There are so many missing values in the data! Should we worry? Not at all. As a matter of fact, we learned at the beginning of this module that many workers are not observed across all years. That's what these missing values are representing. 

Notice that the variable `year` which was part of the command line (the `j(year)` part) has dissapeared. We now have 1 observation per worker, and record the information across years in a cross-sectional way. 

How do we go from a `wide` dataset to a regular panel form? We need to indicate the prefix in the variables, which are formally known as `stubs` in the Stata lingo, and use the `reshape long` command. When we write `j(year)` it will create a new variable called `year`.

In [59]:
reshape long earnings region age birth_year start_year, i(workerid) j(year) 

(note: j = 1995 1996 1997 1998 1999 2000 2001 2002 2003 2004 2005 2006 2007 2008
>  2009 2010 2011)

Data                               wide   ->   long
-----------------------------------------------------------------------------
Number of obs.                   868002   -> 1.5e+07
Number of variables                  88   ->       9
j variable (17 values)                    ->   year
xij variables:
earnings1995 earnings1996 ... earnings2011->   earnings
   region1995 region1996 ... region2011   ->   region
            age1995 age1996 ... age2011   ->   age
birth_year1995 birth_year1996 ... birth_year2011->birth_year
start_year1995 start_year1996 ... start_year2011->start_year
-----------------------------------------------------------------------------


In [60]:
%browse 10

Unnamed: 0,workerid,year,birth_year,age,start_year,region,earnings,sex,treated
1,1,1995,.,.,.,.,.,M,0
2,1,1996,.,.,.,.,.,M,0
3,1,1997,.,.,.,.,.,M,0
4,1,1998,.,.,.,.,.,M,0
5,1,1999,1944,55,1997,1,39975.012,M,0
6,1,2000,.,.,.,.,.,M,0
7,1,2001,1944,57,1997,1,278378.09,M,0
8,1,2002,.,.,.,.,.,M,0
9,1,2003,.,.,.,.,.,M,0
10,1,2004,.,.,.,.,.,M,0


Notice that we now have an observation for every worker in every year, although we know some workers are only observed in a subset of these. This is known as a `balanced panel`.  

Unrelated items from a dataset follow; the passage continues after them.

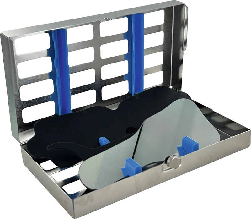 Disse kassettene lar deg oppbevare og sterilisere tilbehøret til intraoral fotografering. Enkel tømming ved rengjøring i ultralydbad eller termodesinfektor. Speilene holdes på plass og oppbevares trygt. Kassetten er utstyrt med silikoninnlegg formet for å holde speil og speilhåndtak sikkert. Det nye låsesystemet er svært pålitelig og enkelt i bruk. Sterilisering i autoklav (se bruksanvisningen som følger med kassett).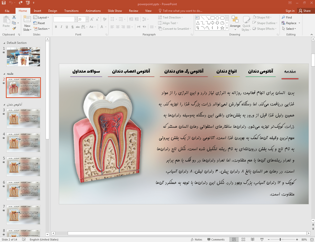 در این پاورپوینت که با قالب (تم) بسیار زیبا و حرفه ای طراحی شده است به بررسی آناتومی دندان به صورت فایل قایل ویرایش در 14 اسلاید پرداخته ایم. در صورت وجود هر گونه مشکل لطفا با بخش پشتیبانی به شماره 09360147484 تماس بگیرید.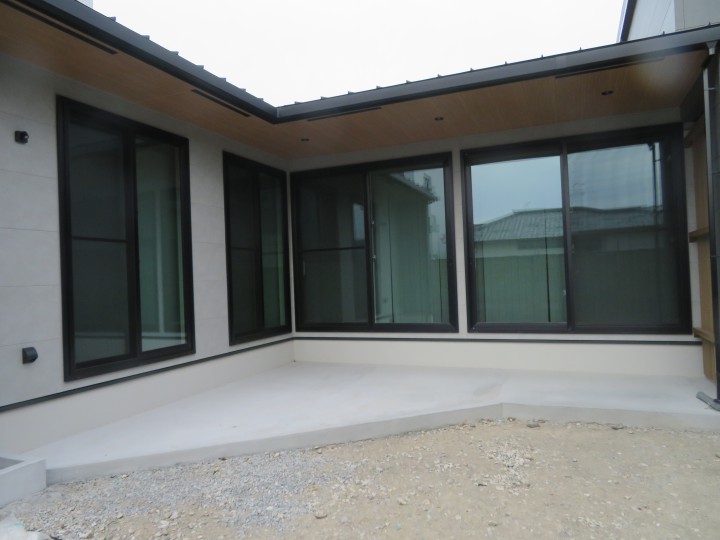 リビング前は同じく樹脂の目隠しフェンスを設けましたので、ご家族で気兼ねなく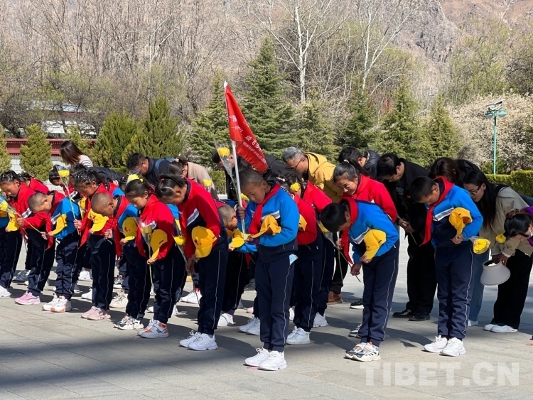 中國西藏網訊 4月12日上午,由西藏煙草駐日喀則市昂仁縣第十一批駐村工作隊、江蘇商會黨委、冬日暖陽愛心公益組織承辦的“領略非凡世界、放飛多彩夢想”公益活動工作組帶領來自西藏日喀則市昂仁縣多白鄉的30名小學生來到位于拉薩市西郊的拉薩烈士陵園緬懷革命先烈。

To retrieve the original dataset, we get rid of such observations with missing values.

In [61]:
keep if !missing(earnings)

(11,894,262 observations deleted)


In [62]:
%browse 10

Unnamed: 0,workerid,year,birth_year,age,start_year,region,earnings,sex,treated
1,1,1999,1944,55,1997,1,39975.012,M,0
2,1,2001,1944,57,1997,1,278378.09,M,0
3,2,2001,1947,54,2001,4,18682.6,M,0
4,2,2002,1947,55,2001,4,293336.41,M,0
5,2,2003,1947,56,2001,4,111797.3,M,0
6,3,2005,1951,54,2005,5,88351.672,M,0
7,3,2010,1951,59,2005,5,46229.57,M,0
8,4,1997,1952,45,1997,5,24911.029,M,1
9,4,2001,1952,49,1997,5,9908.3623,M,1
10,5,2009,1954,55,1998,2,137207.3,M,1


## 7.5 Wrap up
---
Being able to generate new variables and modify a dataset to fit your specific research is pivotal. Now you should hopefully have more confidence in your ability to perform these tasks. Good job! Next, we will explore the challenges posed by working with multiple datasets at once.